The tax matters that matter day-to-day
The tax matters that matter day-to-day
By Geraldene Göldner
National Treasury released the 2026 Budget on Wednesday, which contained several welcome surprises. In particular, the Budget introduced various tax relief measures and provided greater clarity on matters with which taxpayers commonly struggle.
In its proposals, Treasury acknowledged the significant compliance burden faced by taxpayers and, accordingly, presented a number of compliance-related relief measures. Some of these proposals are explored below.
Carbon tax
It is proposed that the current capacity-based threshold applicable to commercial and institutional activities be replaced with an emissions-based threshold of 25 000 tonnes of carbon dioxide equivalent.
Voluntary Disclosure Programme (VDP) and SARS interest
Closely linked to the burden of compliance is the risk of errors arising when managing tax affairs. Many taxpayers are familiar with the SARS Voluntary Disclosure Programme (VDP) provided for in the Tax Administration Act, which allows relief from understatement and late-payment penalties where a valid VDP application is submitted.

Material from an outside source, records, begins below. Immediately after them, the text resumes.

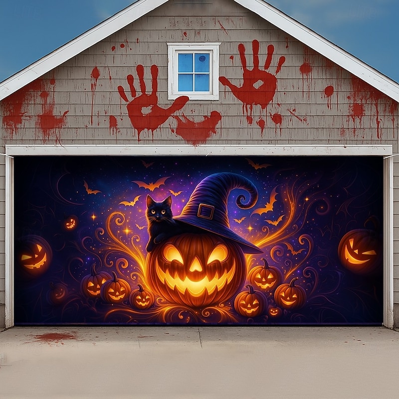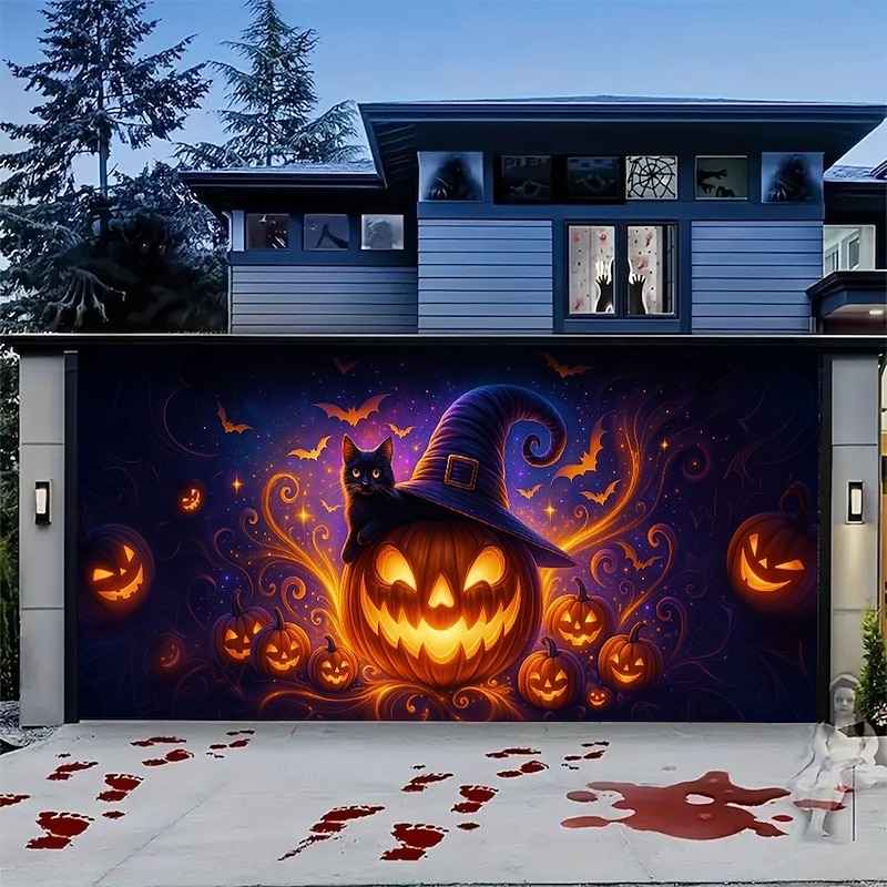 $26.99 - Halloween Garage Door Cover Banner Backdrop – Glowing Jack-o'-Lantern Face with "Halloween" Text, Outdoor Decoration for 2025 Halloween Home Front Yard 2025. Shop for cheap Halloween Garage Door Cover online? Buy at lightinthebox.com on sale today!
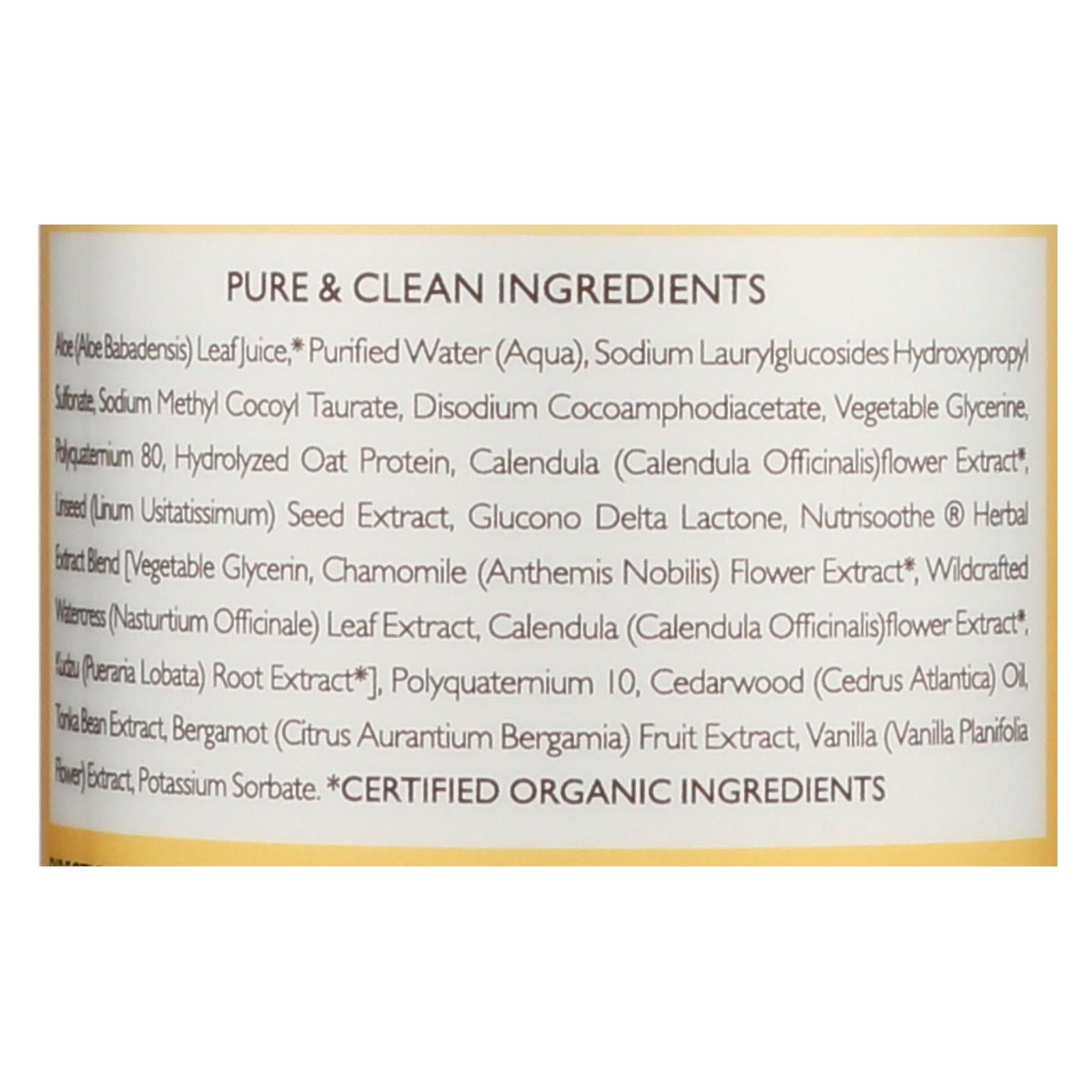 ingredients : pure & clean aloe;aloe babadensis;leaf juice;purified water;aqua;sodium laurylglucosides hydroxypropyl sulfonate;sodium methyl cocoyl taurate;disodium cocoamphodiacetate;vegetable glycerine;polyquatemium 80;hydrolyzed oat protein;calendula;calendula officinalis;flower extract;linseed;linum usitatissimum;seed extract;glucono delta lactone;nutrisoothe ® herbal extract blend [vegetable glycerin;chamomile;anthemis nobilis;wildcrafted watercress;nasturtium officinale;leaf extract;kudzu;pueraria
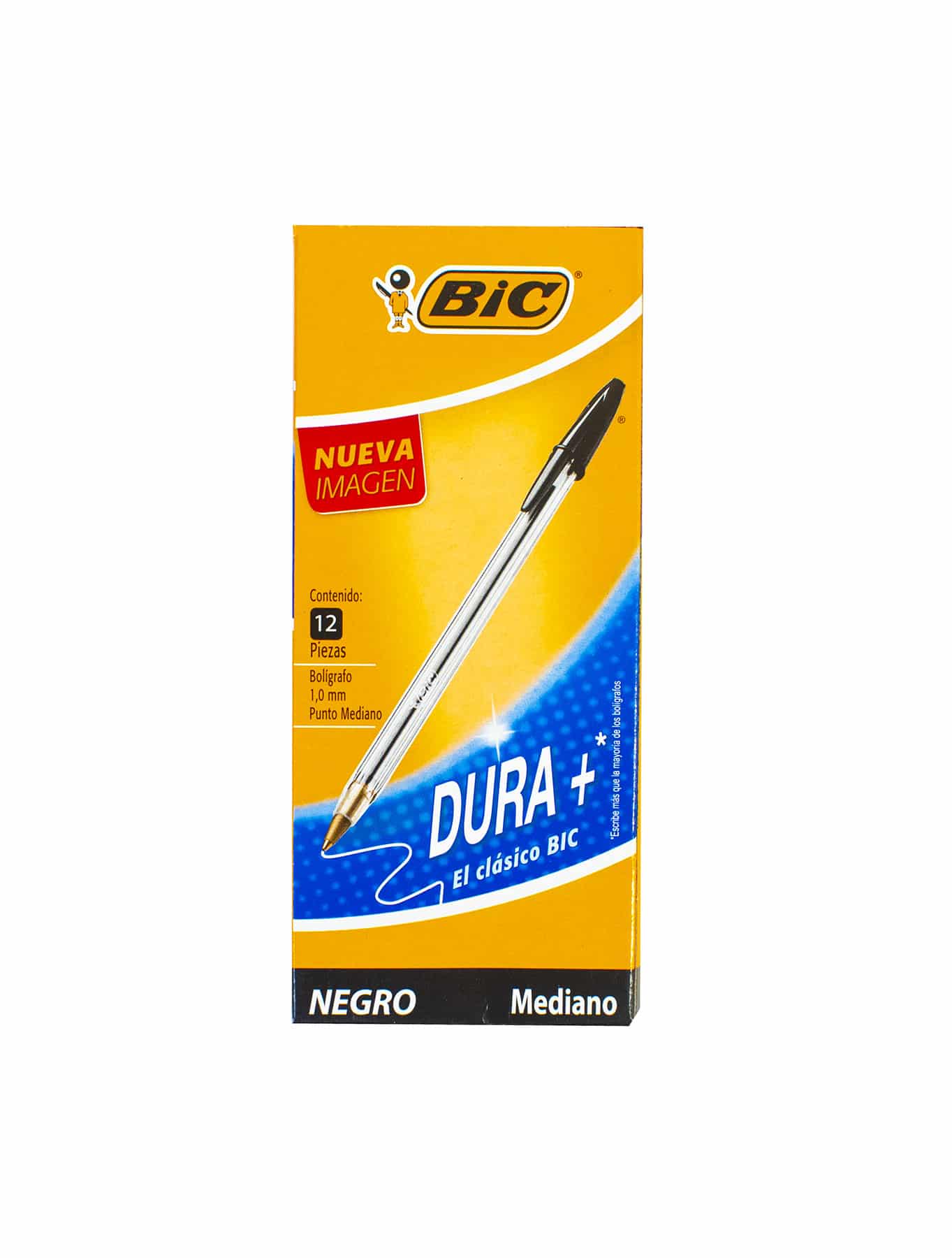 Lapicero - Bic - Negro - Punta Mediana - Dura+ - Caja de 12 Unidades
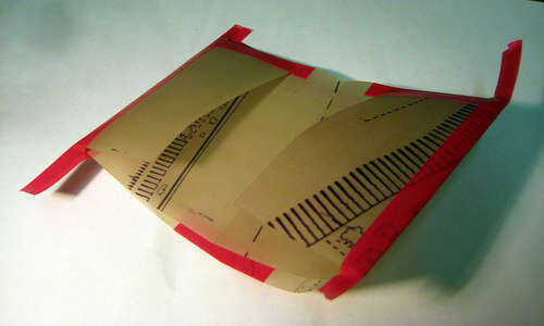 Voltear todo el conjunto de nuevo para que la cinta es el lado pegajoso hacia arriba. Doble B más sobre A y alinee los bordes libres, por lo que se conocen en sus esquinas inferiores, como se muestra. Usted debe tirar B para que tht se encuentran ya que es 5mm más corta para permitir que la cartera a cerrarse fácilmente. Doblar la cinta y frotar para sellar.

At present, the legislation does not allow for the remission of interest when applying for VDP relief. Treasury has proposed that this be addressed by allowing taxpayers to also request the remittance of interest relating to the tax matters disclosed under a VDP application.

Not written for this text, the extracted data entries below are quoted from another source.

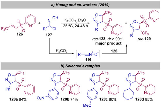 The proposed mechanism for the Cu- and Ru-promoted transformations are analogous to those of CuAAC. In the case of the Ru-catalyzed reaction, both reagents 116 and 8 initially coordinate with the metal, giving intermediate 123, which next undergoes the formation of ruthenacycle 124, and subsequently 125 after an oxidative coupling, followed by the release of 3,4-disubstituted isoxazole 118 in the final step (Scheme 23b). In the NHC-promoted process, the treatment of imidazolium salt 119 with triethylamine (Et3N) gives the NHC catalyst, which regioselectively adds to the alkyne, forming zwitterionic adduct 120 (Scheme 23b). Next, 120 adds to the nitrile oxide 116, giving zwitterionic species 121, which undergoes an oxygen hetero-cyclization step and releases 3,5-disubstituted isoxazole product 117 and the NHC catalyst. The use of nitrile oxides is comparatively underdeveloped as a consequence of their high propensity to dimerize to the related furoxan, and so their generation in situ has become an alternative to overcome this issue. A recent example of this type of process is the work published by Ou and co-workers in 2019, which described the 1,3-DC between β-fluoroalkyl-vinyl 2-pyridylsulfones 126 and nitrile oxides formed from hydroxamoyl chlorides 127 to deliver isoxazoline derivatives 128 (Scheme 24). This base-catalyzed approach allowed the rapid access to several isoxazoles derivatives in moderate to good yields (Scheme 24b, 48-85%).59
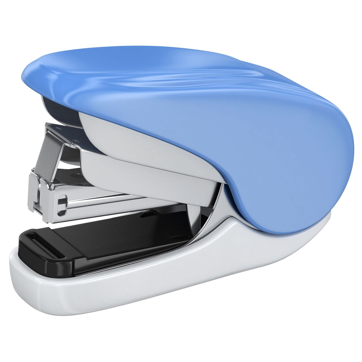 У данной модели пластиковый корпус и металлический механизм подачи скоб. Корпус выполнен в цветах ассорти. Упакован в блистер.
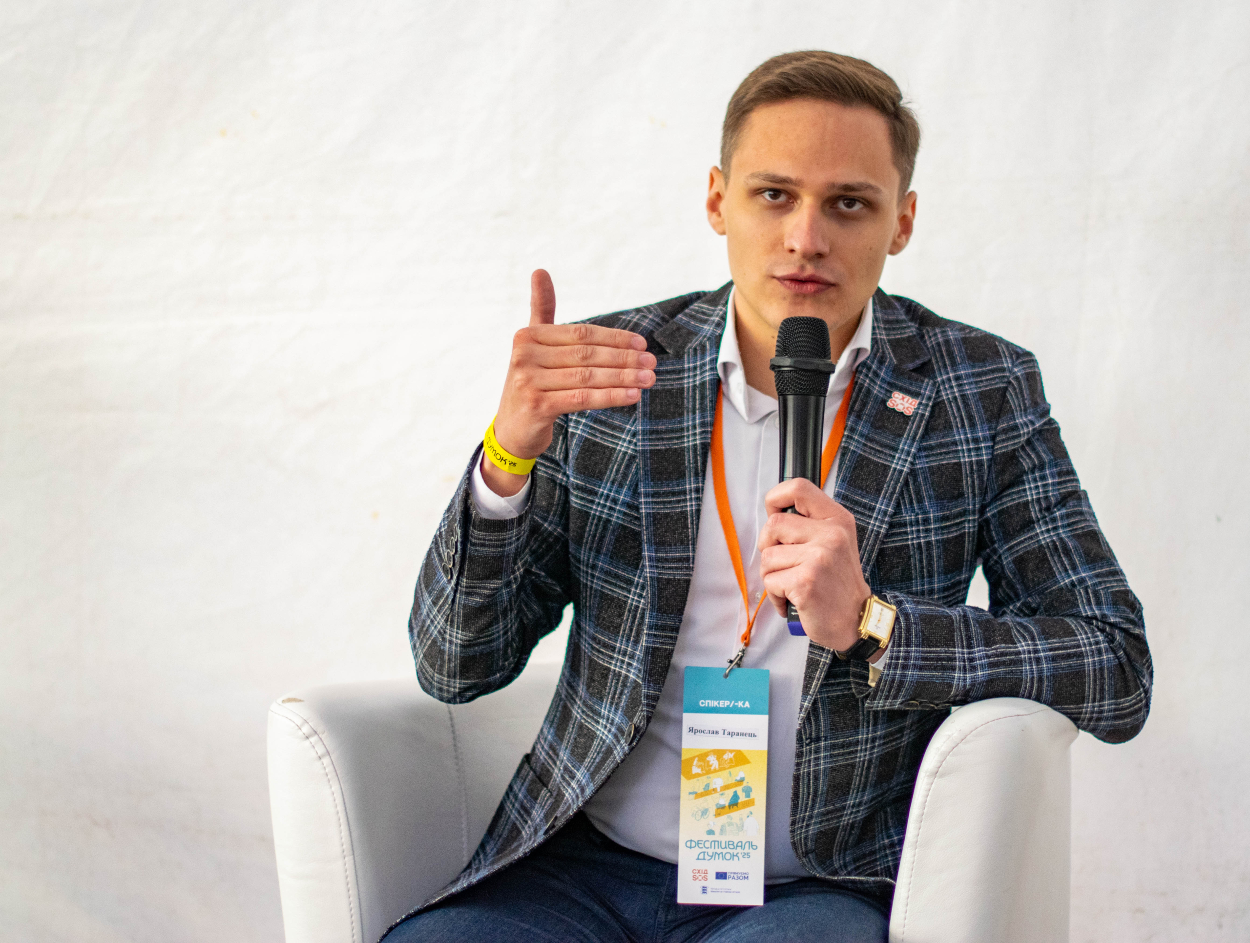 Ярослав Таранець на дискусії Фестивалю думок. Фото: Юлія Кузьменко / ZMINAРосія хоче замінити українську ідентичність на сприйняття в дітей себе як громадян РФ. Діти добровільно чи примусово залучаються до мілітаристських рухів, громадських об’єднань, як-от “Рух перших”, “Юнармія”, “Орлятко”.

Provisional tax – tax-exempt entities
It is proposed that exempt and partially exempt entities will no longer be required to register as provisional taxpayers.
Provisional tax – penalties
Treasury has proposed a review of the penalty regime applicable to the underestimation of provisional tax. For years of assessment commencing on or after 1 March 2026, it is proposed that the R1 million taxable income cap for reliance on the “basic amount” be increased to R1,8 million.

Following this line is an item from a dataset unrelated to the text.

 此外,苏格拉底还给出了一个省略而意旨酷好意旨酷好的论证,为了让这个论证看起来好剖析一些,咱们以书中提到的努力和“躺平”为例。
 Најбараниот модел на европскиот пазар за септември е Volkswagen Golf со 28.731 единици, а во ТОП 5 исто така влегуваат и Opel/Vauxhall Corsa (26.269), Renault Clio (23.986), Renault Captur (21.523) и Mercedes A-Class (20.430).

Accordingly, where estimated taxable income is less than R1,8 million, taxpayers may rely on the “basic amount” reflected on the IRP6. If no adjustment is made to the basic amount, no underestimation penalty will be imposed.
However, within the same proposal, Treasury has also clarified that where an estimate submitted to SARS is sufficient to avoid an underestimation penalty, but the related tax is not paid before year-end, the underestimation penalty may still be levied. This proposal is intended to take effect immediately.
Tax compliance status and suspension of payment
A taxpayer’s ability to conduct business is often dependent on maintaining a ‘tax compliant’ status with SARS, as suppliers may require confirmation of such status (previously referred to as a tax clearance) before engaging or continuing commercial relationships.
As is well known, SARS applies a ‘pay-now-argue-later’ principle, and failure to make payment can negatively affect a taxpayer’s compliance status. If a taxpayer disagrees with an assessment, they can file an objection and also ask for payment of the disputed debt to be suspended.
Currently, the submission of a suspension of payment request does not remedy a taxpayer’s ‘non-compliant’ status, which can significantly hinder business operations. Treasury has proposed that the legislation be amended so that a taxpayer’s status is reflected as ‘compliant’ with immediate effect for the period during which the suspension of payment request is under consideration.
It has further been proposed that, where a request for suspension of payment is rejected, the ‘compliant’ status should be maintained for the additional 10 business days provided for in the legislation.